Hoot Back-End Setting the Stage
Learning objective: By the end of this lesson, students will understand the architecture and functional requirements of building a secure Express API for a blogging application, including user authentication and CRUD operations for blog posts and comments.
Overview
In this module, we’ll build an Express API that serves as the back-end for a full-stack blogging application called Hoot.
Within our Express API, we’ll implement full CRUD functionality on a blog post resource hoots. Additionally, we will implement create functionality on an embedded resource called comments.
Our Express API will make use of the Express API JWT Auth Template. This template provides our Express application with pre configured JWT Authentication. This style of authentication in HTTP uses tokens, or unique identifier strings, to tell who a user is when they’re making an authenticated request.
Thanks to this template, our Express application will already be able to sign up and sign in users. The template also includes a verifyToken middleware function. The verifyToken middleware ensures that any route following it in the middleware pipeline will require authentication before proceeding.
To demonstrate JWT Authentication, our Express application will use verifyToken to protect all routes related to the hoot resource. This means users will be required to sign in before getting access to any hoot data.
User Stories
Our Express API should include functionality for the following user stories:
- As a guest, I should be able to create an account.
- As a user with an account, I should be able to log in to my account.

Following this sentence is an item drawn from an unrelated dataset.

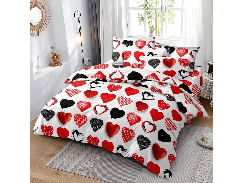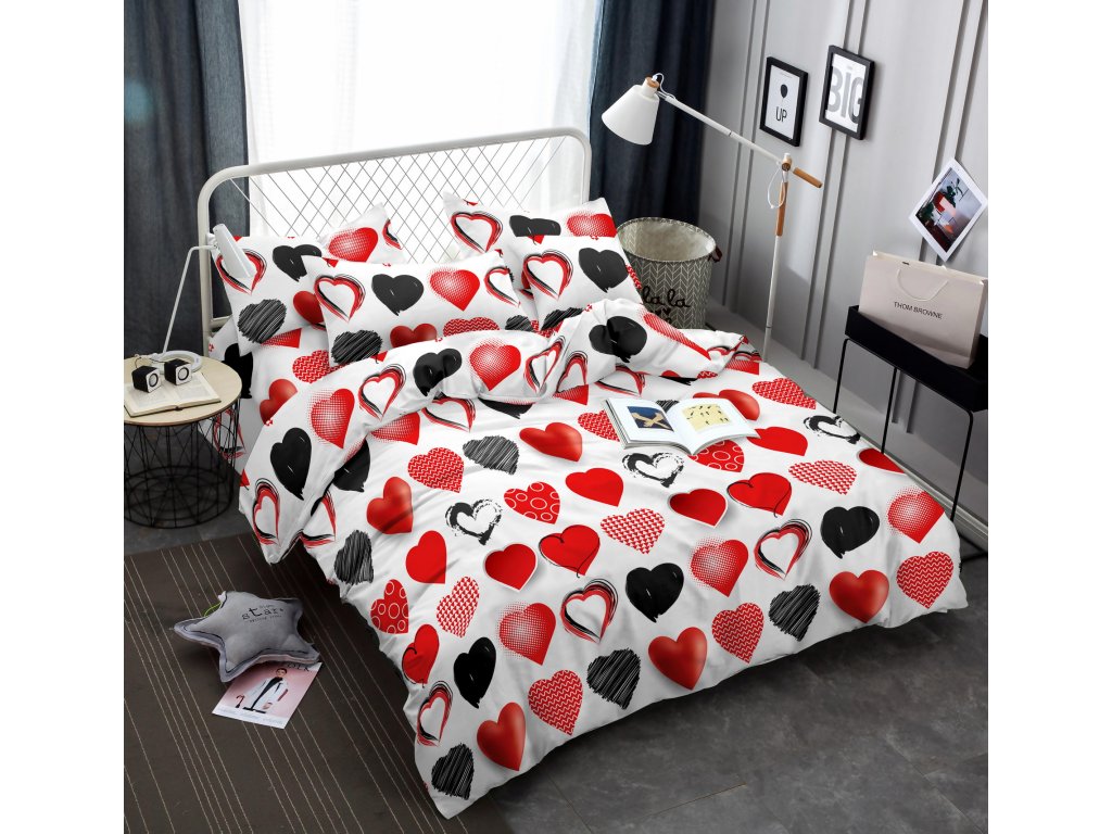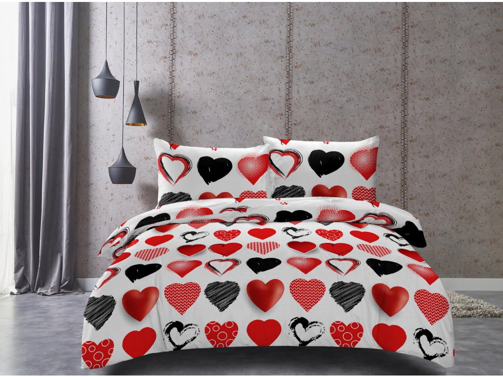 Povlečení z mikrovlákna RED AND BLACK HEARTS bílé

- As a user, I should be able to create a hoot post.
- As a user, I should be able to read a list of all hoots.
- As a user, I should be able to view information about a single hoot post along with its associated comments.
- As a user, I should be able to add a comment to a specific hoot.

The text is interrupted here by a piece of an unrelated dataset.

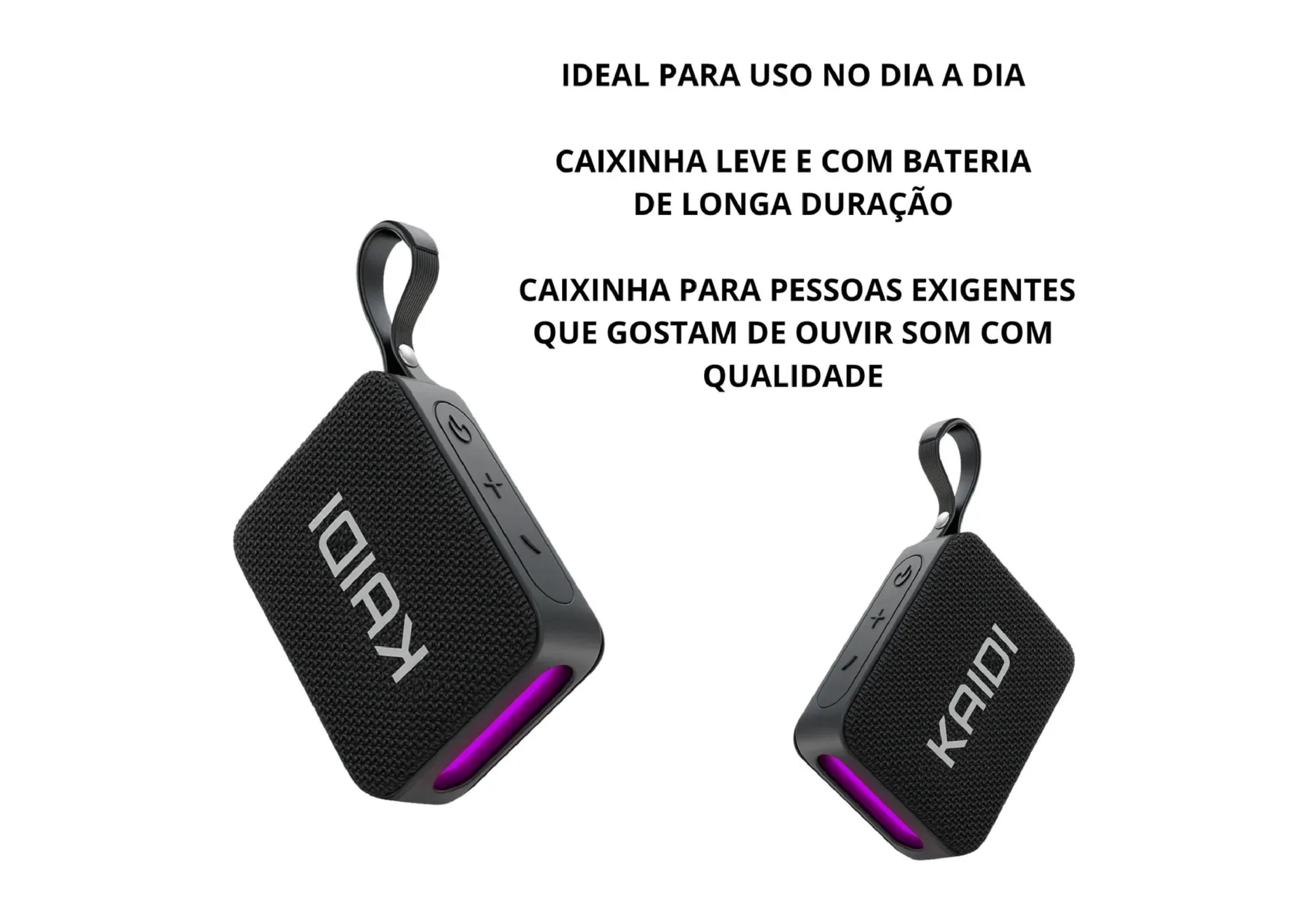 Perfeita para uso em mesas e pequenos espaços, esta caixa de som é intuitiva e fácil de usar, mesmo para aqueles que não são especialistas em tecnologia. Dê um toque especial às suas reuniões, eventos ou momentos de lazer com a Mini Caixa de Som Portátil Kaidi. Descubra a combinação ideal de som, estilo e praticidade e transforme a maneira como você ouve música.

- As the author of a hoot, I should be able to update that hoot.
- As the author of a hoot, I should be able to delete that hoot.
User stories related to signing up and signing in have been completed for us in the Express API JWT Auth Template, but we will be implementing the remaining features from scratch.
Entity-Relationship Diagram
Take a look at the ERD below to get a sense of the data we’ll be working with:

Express & Postman
Below you can see a chart outlining the RESTful routes required for this application:
| HTTP Method | Controller | Response | URI | Use Case |
|---|---|---|---|---|
| POST | create | 200 | /hoots | Create a hoot |
| GET | index | 200 | /hoots | List hoots |
| GET | show | 200 | /hoots/:hootId | Get a single hoot |
| PUT | update | 200 | /hoots/:hootId | Update a hoot |
| DELETE | deleteHoot | 200 | /hoots/:hootId | Delete a hoot |
| POST | createComment | 200 | /hoots/:hootId/comments | Create a comment |
❗ Important: When testing these routes in Postman, make sure to enclose all JSON keys in the data payload (body) with double quotes (
"). JSON requires keys to be wrapped in double quotes to work correctly.